Instantaneous
international buying and selling, with global delivery only later,
makes consumer astrology a new ball game.
Avoiding
Buyer
Remorse in the Age of the
Internet
By John Townley (with advice from Susan), March
2013
In
the Seventeenth Century glory days of pre-modern
astrology, when the likes of William Lilly, Nicholas Culpeper, John
Gadbury,
Elias Ashmole, Henry Coley, Richard Saunders, and John Partridge held
sway in
England, ordinary tradespeople used astrology for everything.
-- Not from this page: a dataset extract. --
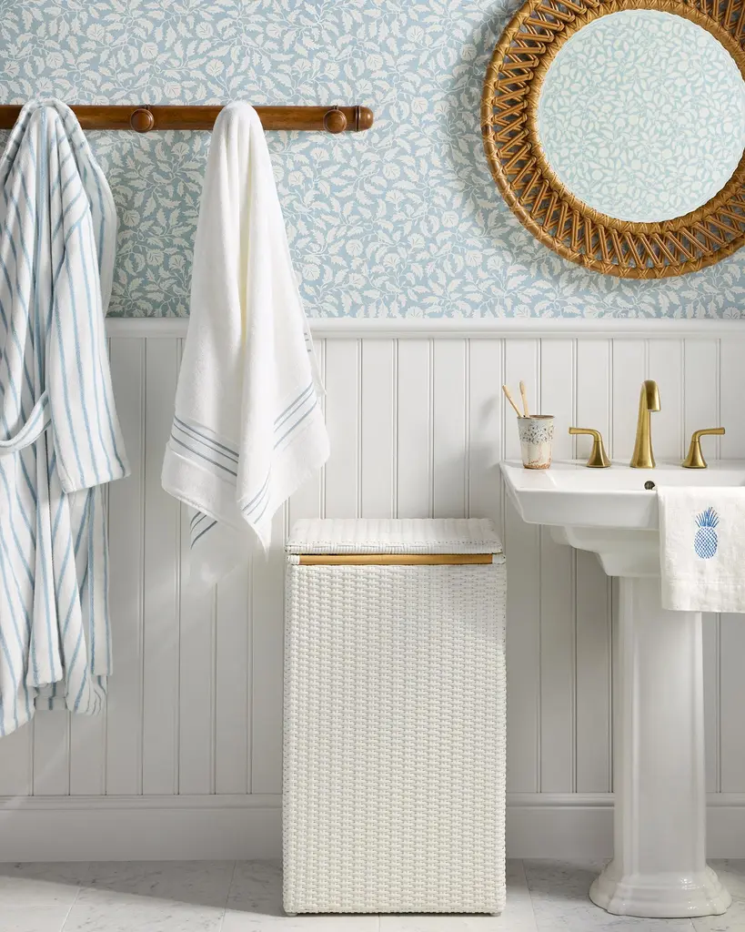 We took the iconic look of our very own Riviera Collection to give the laundry room a new spin. Using the same materials and weave, we kicked things up a notch with brass and leather detailing on the hinged lid. Comes with a removable cotton lining for easy care and toting. We can safely say that laundry never looked so good.

That
included
deciding when to take trips, medical diagnosis, finding lost objects,
launching ships, arranging voyages, making
personal and business deals, judging personal character and life
developments, and most particularly, for daily commerce of all sorts.
If you
wanted
to buy or sell everything from a major estate down to a sheep or cow,
you took
a look at the stars before deciding on when to do it, because the chart
of the
purchase would tell the story of whether what you bought would work out
well
for you or not.
Oddly,
although astrology today is widely used to describe
character and foretell life developments, outside of the stock market
and
sometimes real estate it is rarely used to judge ordinary daily
purchases,
even though that amounts to the greater part of personal spending, as
any sales
tax legislator can tell you. The closest most astrology fans come to
daily
commerce astrology is avoiding major purchases on a Void-of-Course
Moon
(VOC).
But even that rule of thumb can be confusing, as so much commerce is
done on the phone or over
the Internet these days, when purchase and possession don’t
happen at the same
time, unlike previous eras, so older rules may not apply.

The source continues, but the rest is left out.